▶ _Work item_
Below are records to be repeated exactly. Leave their pictures behind.

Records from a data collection

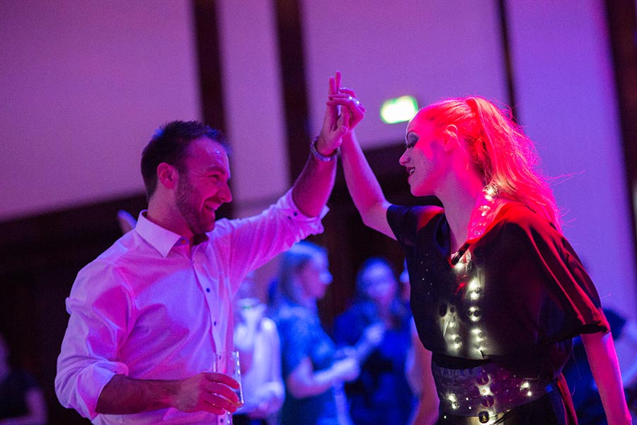 Tanzendes Paar auf einer festlichen Veranstaltung, umgeben von bunten Lichtern und fröhlicher Atmosphäre.
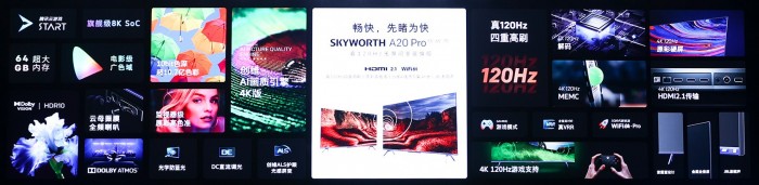 一年前宣布的创维新产品线“A系列新锐电视”,主要针对年轻人,也有比较明显的价格优势。本次发布的A20 Pro(55寸4399元、65寸5599元、75寸7999元)就是这样一款能充分满足用户对尺寸、分辨率、基础功能等基本需求的型号,强调稳定的4K 120Hz高刷新率输出,让影音播放和游戏避免画面抖动、重影以及拖尾等问题。
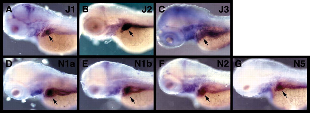 Fig. 5 Liver expression of zebrafish jagged and notch genes. (A-C) Lateral view of wild-type 72-hpf larvae processed for RNA in situ hybridization using jagged 1 (A), jagged 2 (B) and jagged 3 (C) antisense probes. All three jagged genes are expressed in the larval liver (arrow), but jagged 2 expression is most pronounced. Expression in the branchial arches is also evident. (D-G) Lateral view of wild-type 72-hpf larvae processed for RNA in situ hybridization using notch 1a (D), notch 1b (E), notch 2 (F) and notch 5 (G) probes. All notch genes are expressed in the developing larval liver and the branchial arches.
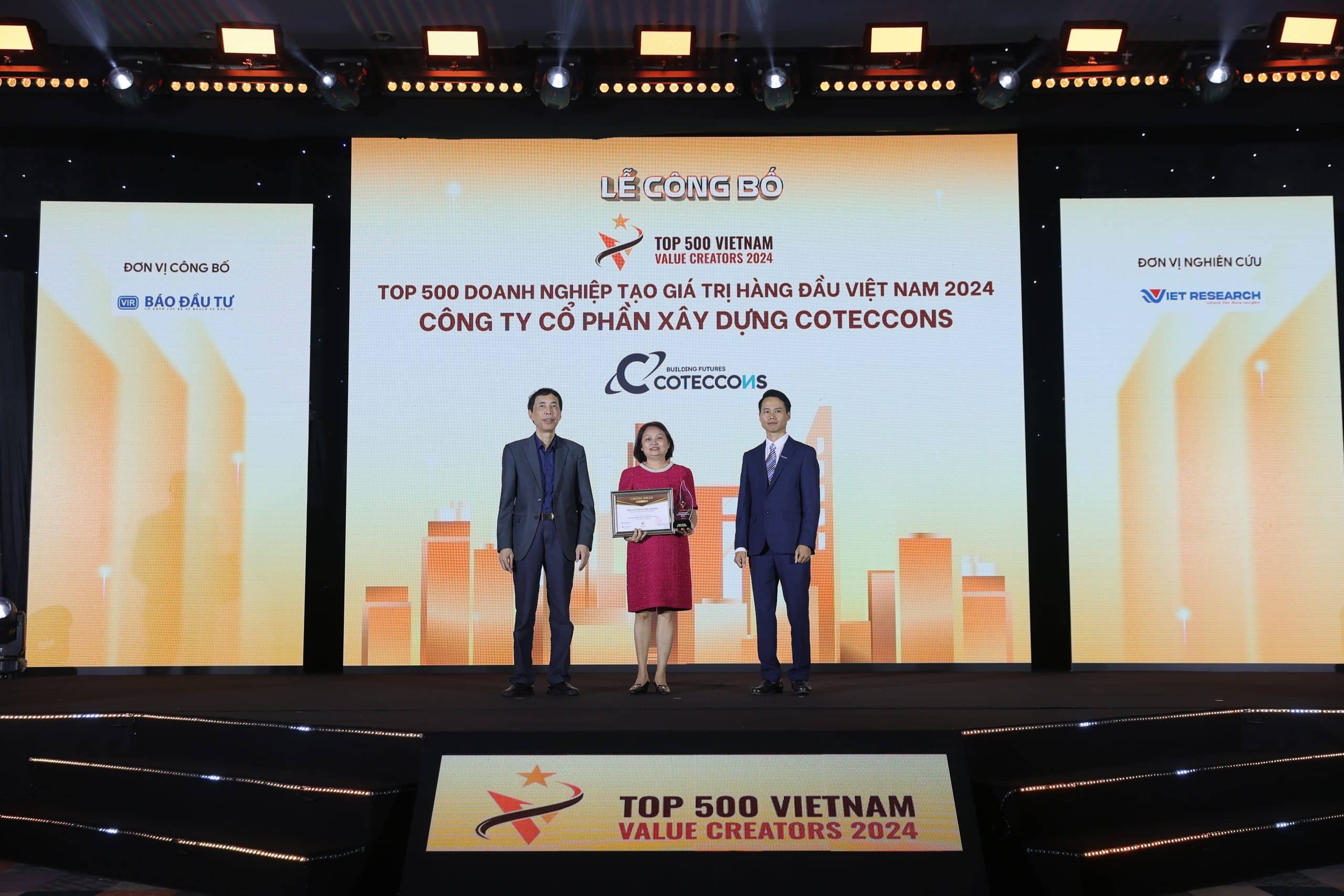 - Top 500 Doanh nghiệp tạo ra giá trị hàng đầu Việt Nam (Value500): Coteccons xếp thứ 120/500 doanh nghiệp.
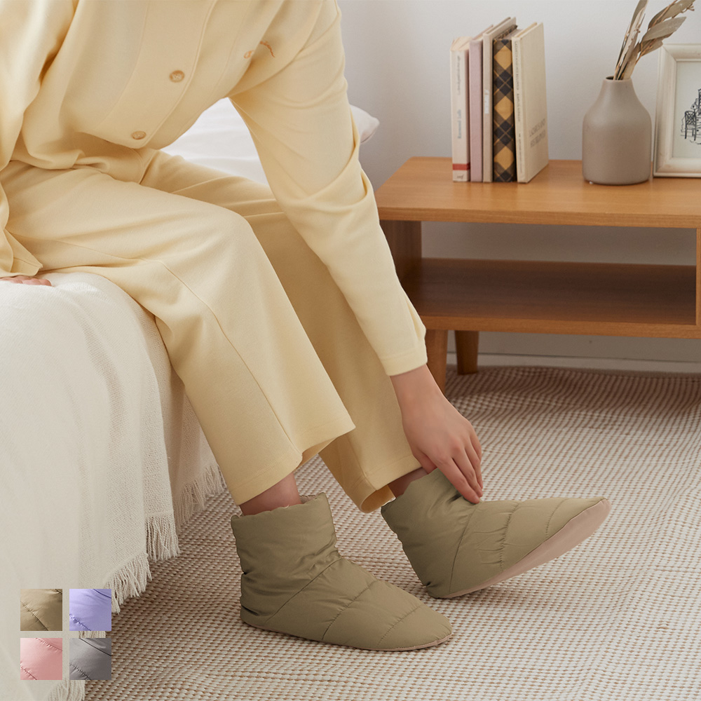 ◆素材◆表地・裏地:ポリエステル100%、中わた:ポリエステル90%・合成繊維(アクリレート系)10%、足底:ポリエステル100%(ポリウレタンコーティング)
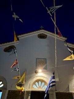 Η βραδιά όμως είχε και έντονο πνευματικό χαρακτήρα, καθώς συμμετείχαμε στον εσπερινό του Αγίου Χαραλάμπους στην εκκλησία του Αγίου Γεωργίου. Η ατμόσφαιρα μέσα στον ναό ήταν κατανυκτική. Το φως έπεφτε απαλά στις εικόνες, ενώ οι ψαλμωδίες δημιουργούσαν μια βαθιά αίσθηση ηρεμίας. Ο Δημητρός, πάντα υπέροχος ψαλμωδός και ο παπά Θεοδόσης συγκινημένος ανήγγειλε την αποχώρησή του.
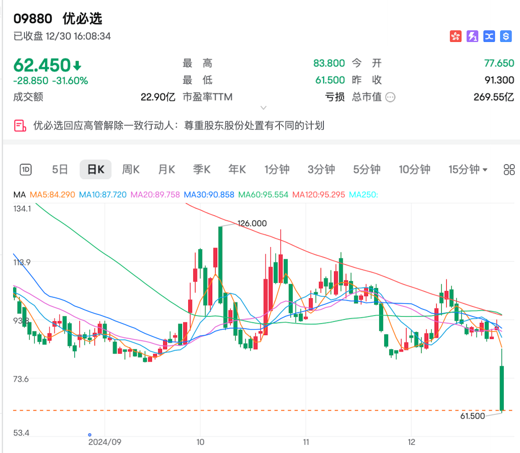 优必选暴跌31.6%,报62.45港元,成交额达22.9亿港元。此前,公司主席兼首席执行官周剑与多名股东停止了一致行动协议,多方投票权降至30%以下,不再是控股股东。市场预测部分股东可能会减持套现,周剑承诺未来一年不会减持其持有的h股。
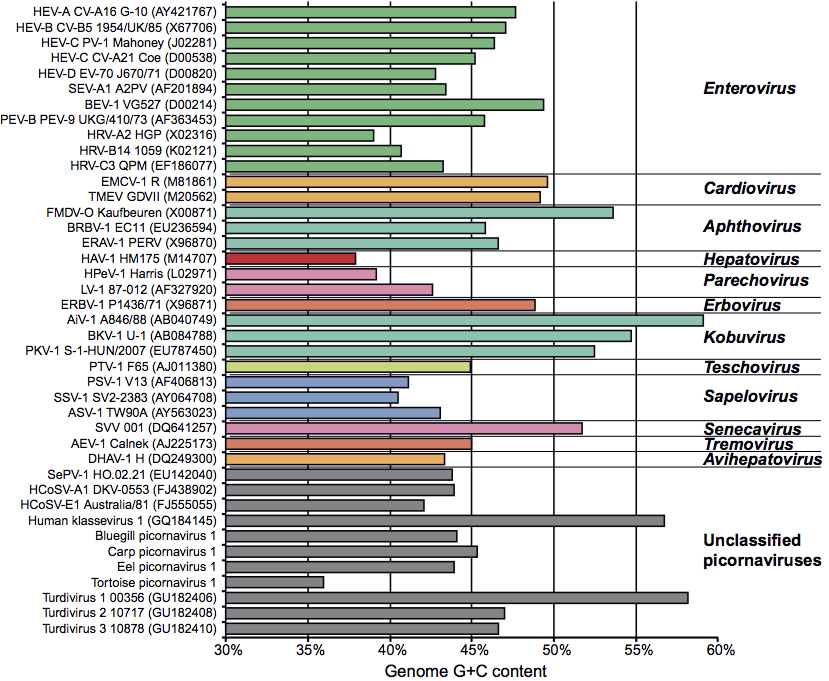 Figure 2 Percentage G+C content of picornavirus genomes.
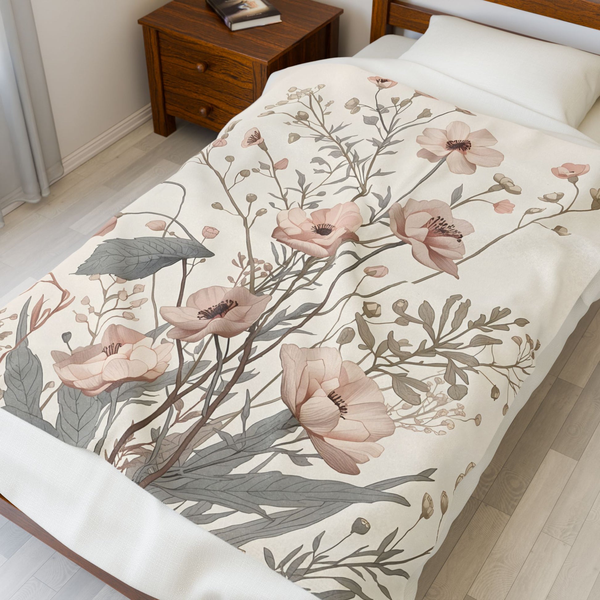 This soft floral throw blanket features a gentle meadow-inspired design with delicate blossoms and flowing stems in muted, neutral tones. Created to bring warmth and calm into your space, it blends beautifully with natural, minimalist, and cozy interiors.

▶ _Answer to the problem_
 Tanzendes Paar auf einer festlichen Veranstaltung, umgeben von bunten Lichtern und fröhlicher Atmosphäre.
 一年前宣布的创维新产品线“A系列新锐电视”,主要针对年轻人,也有比较明显的价格优势。本次发布的A20 Pro(55寸4399元、65寸5599元、75寸7999元)就是这样一款能充分满足用户对尺寸、分辨率、基础功能等基本需求的型号,强调稳定的4K 120Hz高刷新率输出,让影音播放和游戏避免画面抖动、重影以及拖尾等问题。
 Fig. 5 Liver expression of zebrafish jagged and notch genes. (A-C) Lateral view of wild-type 72-hpf larvae processed for RNA in situ hybridization using jagged 1 (A), jagged 2 (B) and jagged 3 (C) antisense probes. All three jagged genes are expressed in the larval liver (arrow), but jagged 2 expression is most pronounced. Expression in the branchial arches is also evident. (D-G) Lateral view of wild-type 72-hpf larvae processed for RNA in situ hybridization using notch 1a (D), notch 1b (E), notch 2 (F) and notch 5 (G) probes. All notch genes are expressed in the developing larval liver and the branchial arches.
 - Top 500 Doanh nghiệp tạo ra giá trị hàng đầu Việt Nam (Value500): Coteccons xếp thứ 120/500 doanh nghiệp.
 ◆素材◆表地・裏地:ポリエステル100%、中わた:ポリエステル90%・合成繊維(アクリレート系)10%、足底:ポリエステル100%(ポリウレタンコーティング)
 Η βραδιά όμως είχε και έντονο πνευματικό χαρακτήρα, καθώς συμμετείχαμε στον εσπερινό του Αγίου Χαραλάμπους στην εκκλησία του Αγίου Γεωργίου. Η ατμόσφαιρα μέσα στον ναό ήταν κατανυκτική. Το φως έπεφτε απαλά στις εικόνες, ενώ οι ψαλμωδίες δημιουργούσαν μια βαθιά αίσθηση ηρεμίας. Ο Δημητρός, πάντα υπέροχος ψαλμωδός και ο παπά Θεοδόσης συγκινημένος ανήγγειλε την αποχώρησή του.
 优必选暴跌31.6%,报62.45港元,成交额达22.9亿港元。此前,公司主席兼首席执行官周剑与多名股东停止了一致行动协议,多方投票权降至30%以下,不再是控股股东。市场预测部分股东可能会减持套现,周剑承诺未来一年不会减持其持有的h股。
 Figure 2 Percentage G+C content of picornavirus genomes.
 This soft floral throw blanket features a gentle meadow-inspired design with delicate blossoms and flowing stems in muted, neutral tones. Created to bring warmth and calm into your space, it blends beautifully with natural, minimalist, and cozy interiors.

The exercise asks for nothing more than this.